Because we did not have the date of symptom onset for hospitalized patients, and we were greatly limited by the reduced cellularity in blood samples collected from the hospitalized COVID-19+ individuals, we did not fully assess immune activation. Only one experimental output was achieved and showed increased IL-6 production, but not IL-1$\beta$ or TNF$\alpha$, by PBMC from hospitalized individuals, with confirmation of immune cytopenia in circulation (Figure 1) [58,59]. It is likely that without medical intervention in the form of corticosteroids to reduce inflammatory responses to SARS-CoV-2 infection, those severe COVID-19+ patients’ immunopathologies would remain unchecked [60]. Lastly and probably most importantly, circulating immune populations in the blood are only a window into the lung inflammatory response [61]. This certainly is a limitation of the current study. It is intriguing to propose future studies with experimental animal models that could evaluate innate lymphoid populations and tissue-resident macrophages in the lung during an active SARS-CoV-2 infection [62,63]. Hypothetically, early responses in lung ILC and macrophages are likely modified by this coronavirus to evade detection and prolong infection in hosts.

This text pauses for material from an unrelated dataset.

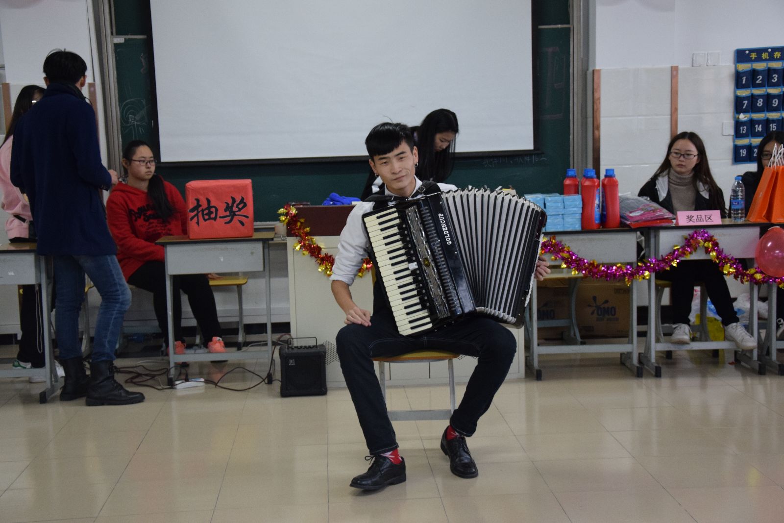 新疆男孩巴力的手风琴独奏《查尔达斯》展示了艺术的激情与魅力。小合唱《我的梦》再点梦想主题。口琴社社长袁亦晨的口琴独奏《dancing in the moonlight》清脆动听。吉他伴奏的《晴天》独唱余音绕梁。

As briefly touched upon before, the innate immune response is important for long-term adaptive SARS-CoV-2-specific immunity. We undertook this study to see if we could identify any unique characteristic immune responses in this patient population, with our primary focus on the interferons and the ILC populations. We consistently found a steady increase in inflammatory responses to activating cytokines in total ILC (Figure 3) and in our total CD45+ cells at day 28 after SARS-CoV-2 detection (Figure 1). Whether immune cells were non-specifically activated, activated with cytokines, or activated with a TLR-agonist, we observed the greatest number of cytokines later in the resolution phase of the infection. Resiquimod induced the highest cytokine production in ex vivo stimulated PBMC from the COVID-19+ outpatient population at day 28. This was a critical piece of data as immune-boosting strategies against SARS-CoV-2 infection may benefit from including this TLR-7/8 agonist [64,65]. Whether this works in conjunction with the current mRNA COVID-19 vaccines is not known, but interesting to postulate. In summary, there is still a need for research directed at improving clinical outcomes. In late 2023, we are still seeing new and now repeat cases of COVID-19 in our patient populations, with much of the latest literature concluding that we still need to do more to prevent or prepare for future pandemics.